**TASK ITEM**. Quote, word for word, the line containing "HIDEMI 柔顺感后开衩长裤 白色/炼乳黄/黑色" and all lines that follow it to the end of the records, with no pictures.

====

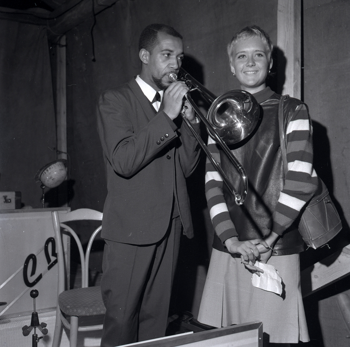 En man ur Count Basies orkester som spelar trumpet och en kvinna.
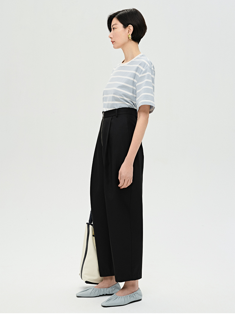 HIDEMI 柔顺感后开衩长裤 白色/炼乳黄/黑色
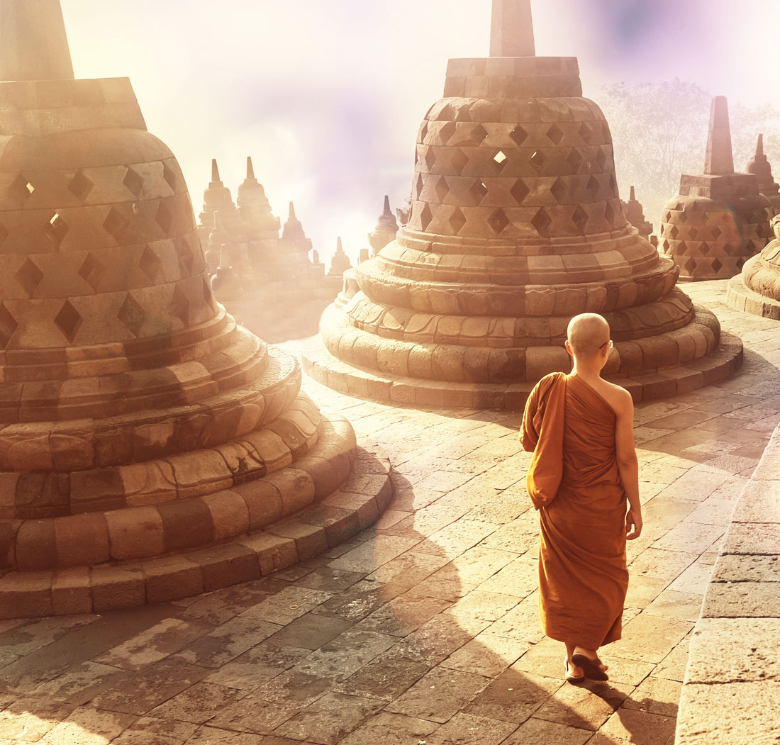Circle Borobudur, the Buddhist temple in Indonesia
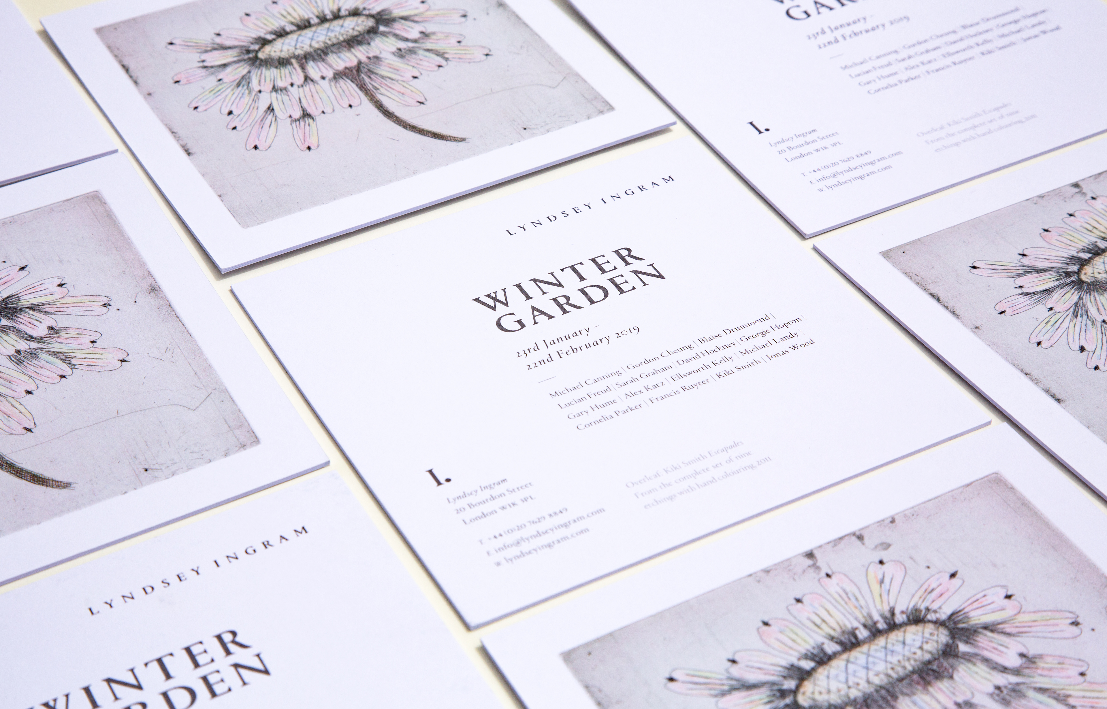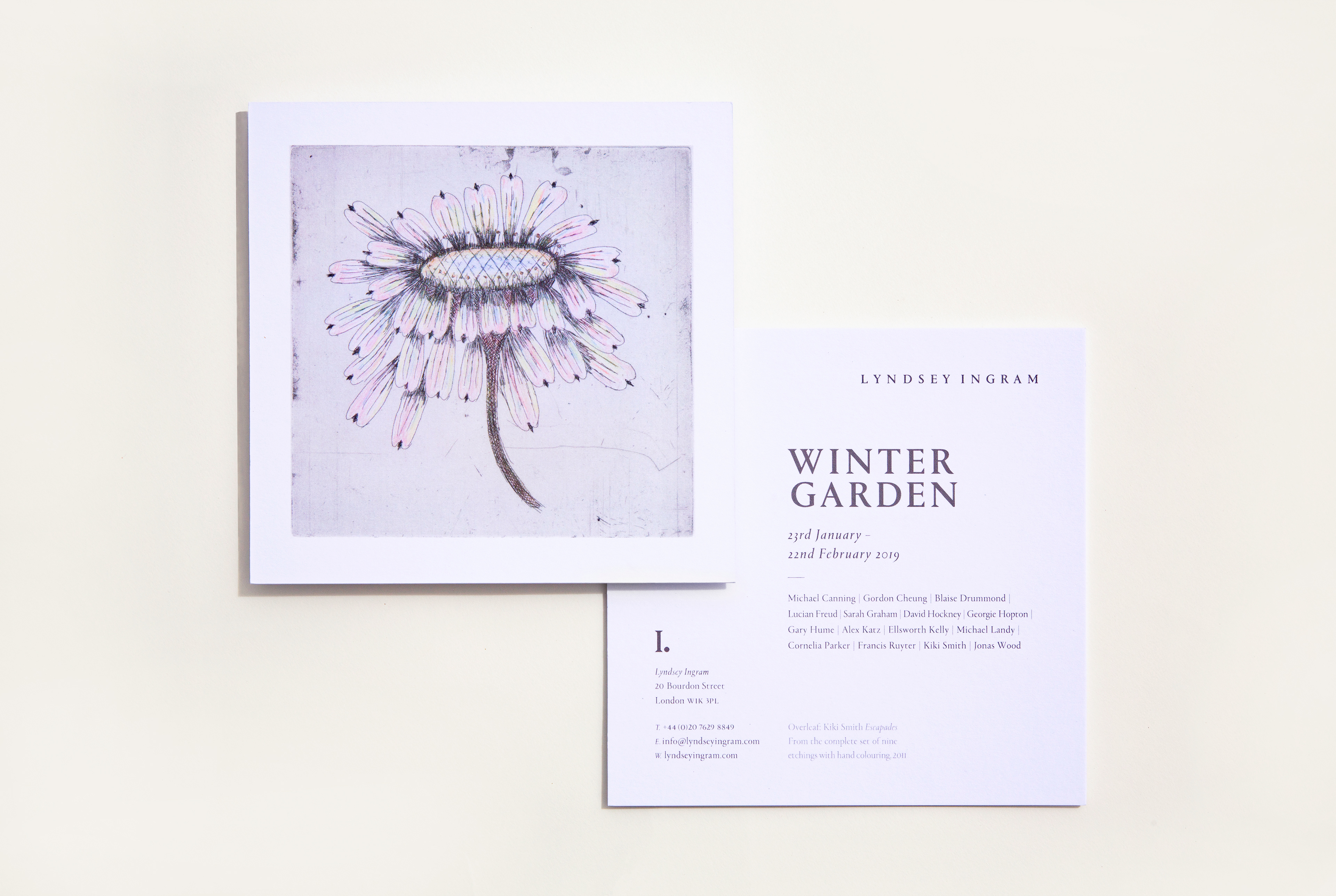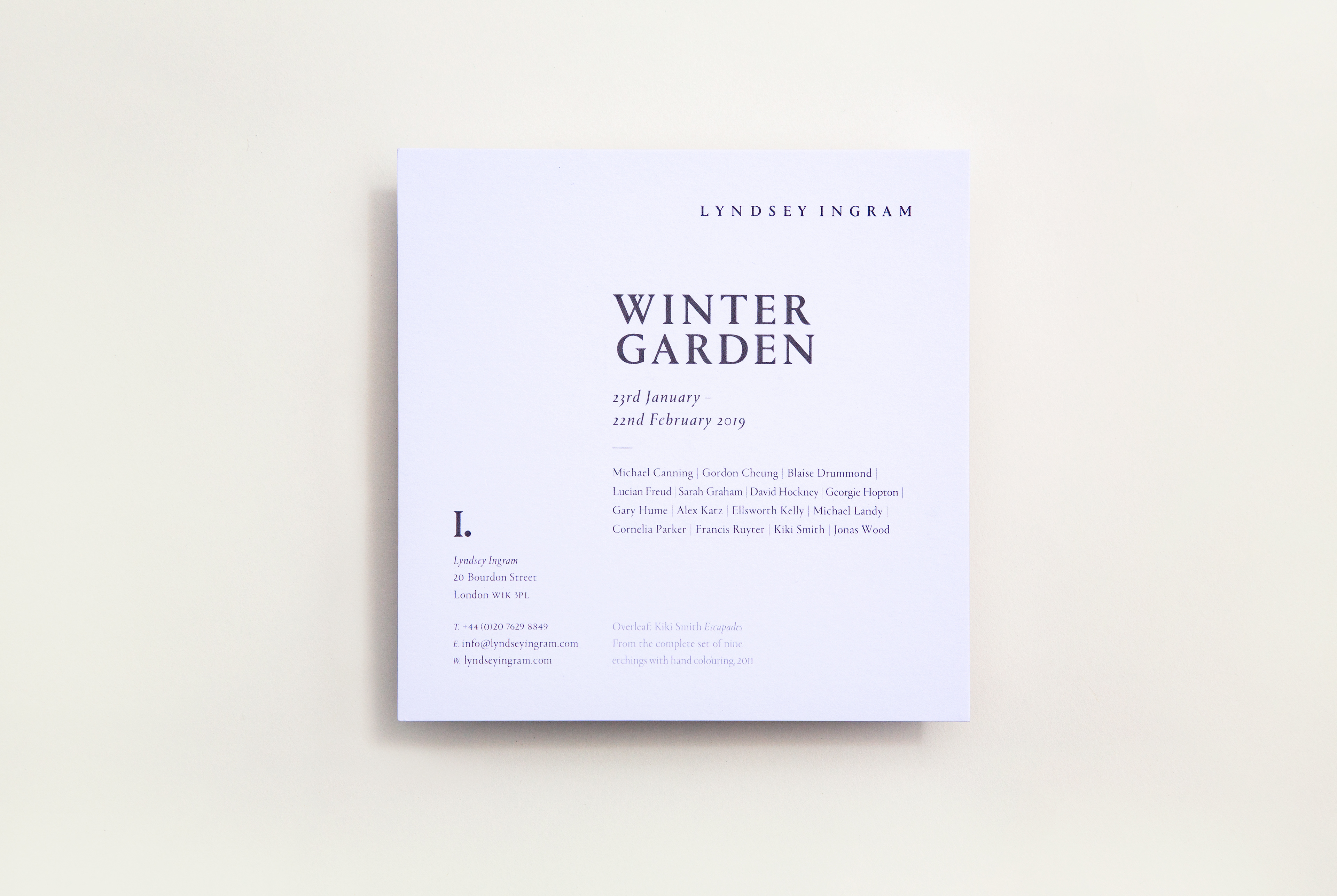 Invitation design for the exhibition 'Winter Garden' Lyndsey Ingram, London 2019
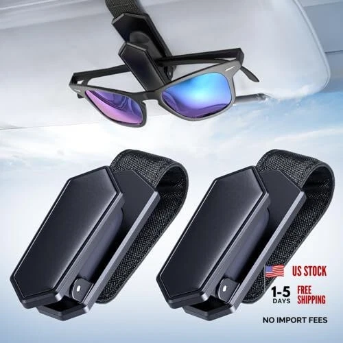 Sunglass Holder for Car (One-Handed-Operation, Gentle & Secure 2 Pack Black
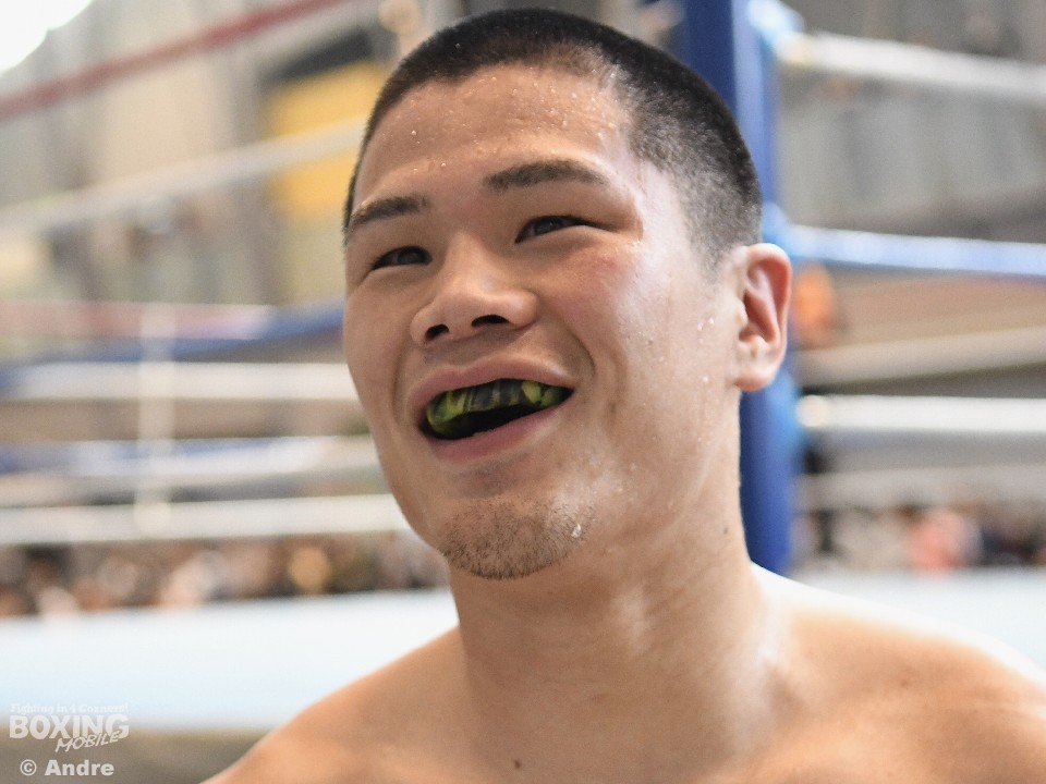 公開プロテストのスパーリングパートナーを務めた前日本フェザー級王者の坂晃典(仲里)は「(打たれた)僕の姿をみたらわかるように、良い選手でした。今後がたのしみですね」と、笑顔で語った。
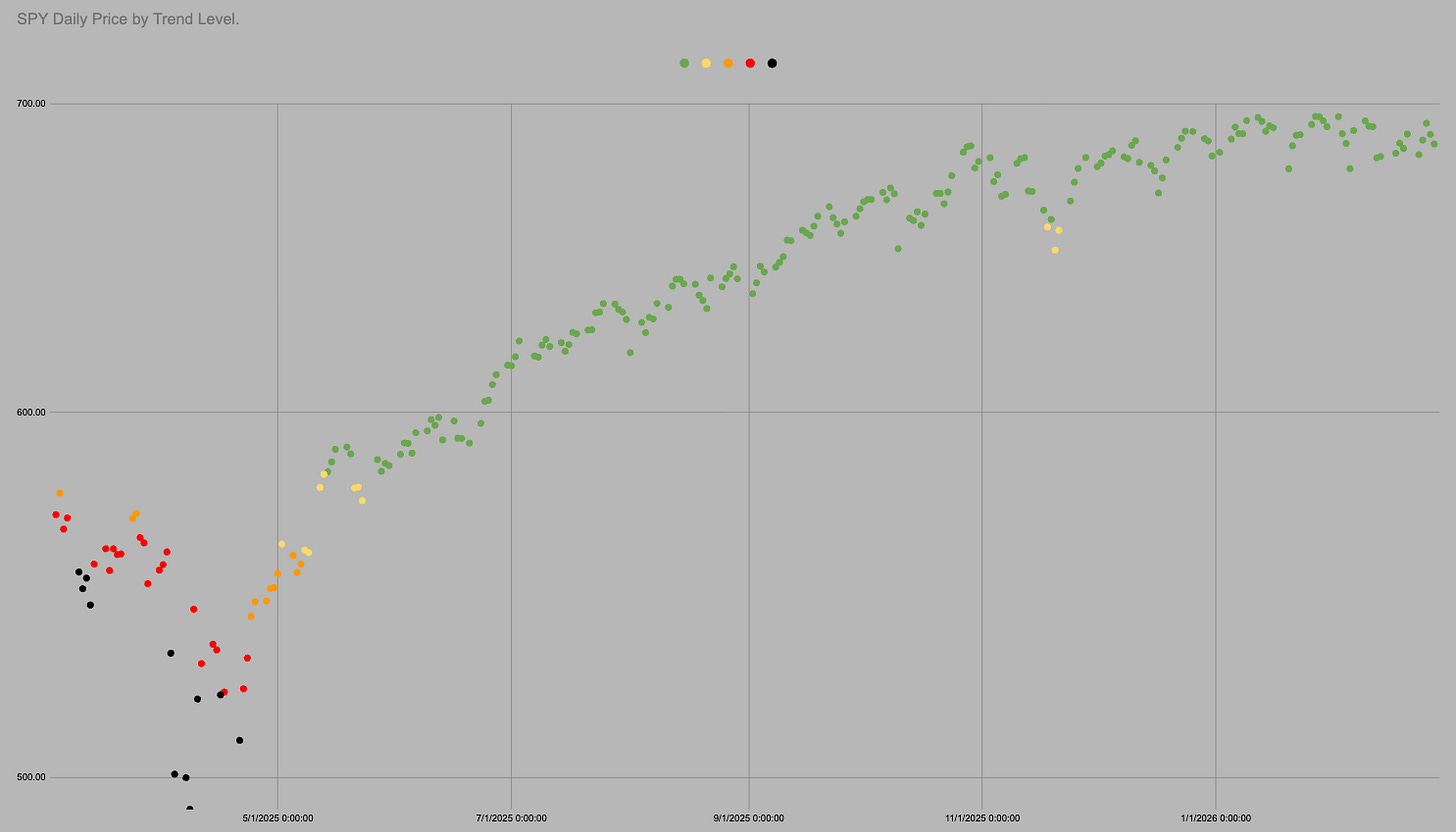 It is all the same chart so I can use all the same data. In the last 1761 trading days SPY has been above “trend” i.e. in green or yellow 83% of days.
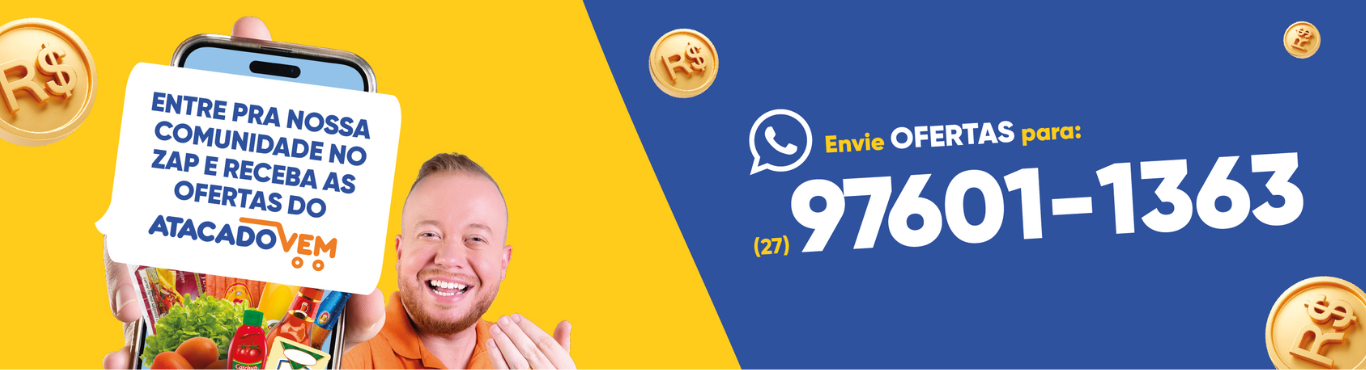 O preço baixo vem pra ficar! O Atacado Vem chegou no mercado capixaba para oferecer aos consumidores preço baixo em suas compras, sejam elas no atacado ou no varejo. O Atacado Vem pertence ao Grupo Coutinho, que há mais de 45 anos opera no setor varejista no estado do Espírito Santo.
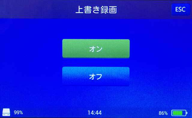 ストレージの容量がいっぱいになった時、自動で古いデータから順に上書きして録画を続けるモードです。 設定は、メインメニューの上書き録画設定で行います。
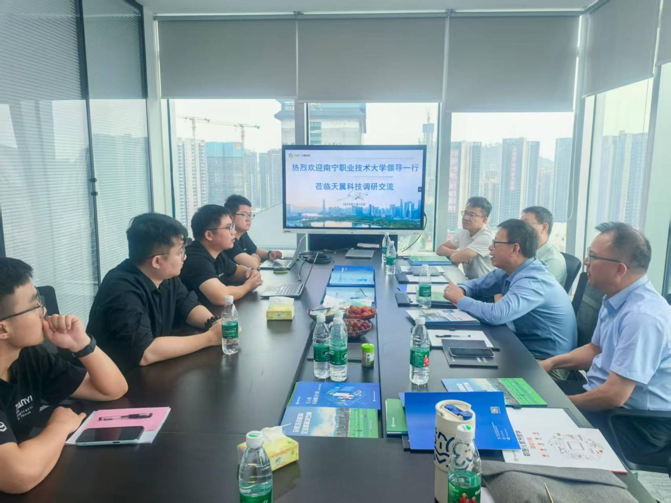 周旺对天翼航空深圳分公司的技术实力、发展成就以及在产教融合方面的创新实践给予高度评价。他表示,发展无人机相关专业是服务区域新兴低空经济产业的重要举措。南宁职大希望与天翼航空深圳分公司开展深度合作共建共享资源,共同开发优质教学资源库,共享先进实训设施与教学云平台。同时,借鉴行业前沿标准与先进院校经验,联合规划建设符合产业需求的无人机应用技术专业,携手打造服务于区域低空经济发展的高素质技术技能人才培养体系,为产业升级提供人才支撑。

====

**THE ANSWER**.
 HIDEMI 柔顺感后开衩长裤 白色/炼乳黄/黑色
Circle Borobudur, the Buddhist temple in Indonesia
 Invitation design for the exhibition 'Winter Garden' Lyndsey Ingram, London 2019
 Sunglass Holder for Car (One-Handed-Operation, Gentle & Secure 2 Pack Black
 公開プロテストのスパーリングパートナーを務めた前日本フェザー級王者の坂晃典(仲里)は「(打たれた)僕の姿をみたらわかるように、良い選手でした。今後がたのしみですね」と、笑顔で語った。
 It is all the same chart so I can use all the same data. In the last 1761 trading days SPY has been above “trend” i.e. in green or yellow 83% of days.
 O preço baixo vem pra ficar! O Atacado Vem chegou no mercado capixaba para oferecer aos consumidores preço baixo em suas compras, sejam elas no atacado ou no varejo. O Atacado Vem pertence ao Grupo Coutinho, que há mais de 45 anos opera no setor varejista no estado do Espírito Santo.
 ストレージの容量がいっぱいになった時、自動で古いデータから順に上書きして録画を続けるモードです。 設定は、メインメニューの上書き録画設定で行います。
 周旺对天翼航空深圳分公司的技术实力、发展成就以及在产教融合方面的创新实践给予高度评价。他表示,发展无人机相关专业是服务区域新兴低空经济产业的重要举措。南宁职大希望与天翼航空深圳分公司开展深度合作共建共享资源,共同开发优质教学资源库,共享先进实训设施与教学云平台。同时,借鉴行业前沿标准与先进院校经验,联合规划建设符合产业需求的无人机应用技术专业,携手打造服务于区域低空经济发展的高素质技术技能人才培养体系,为产业升级提供人才支撑。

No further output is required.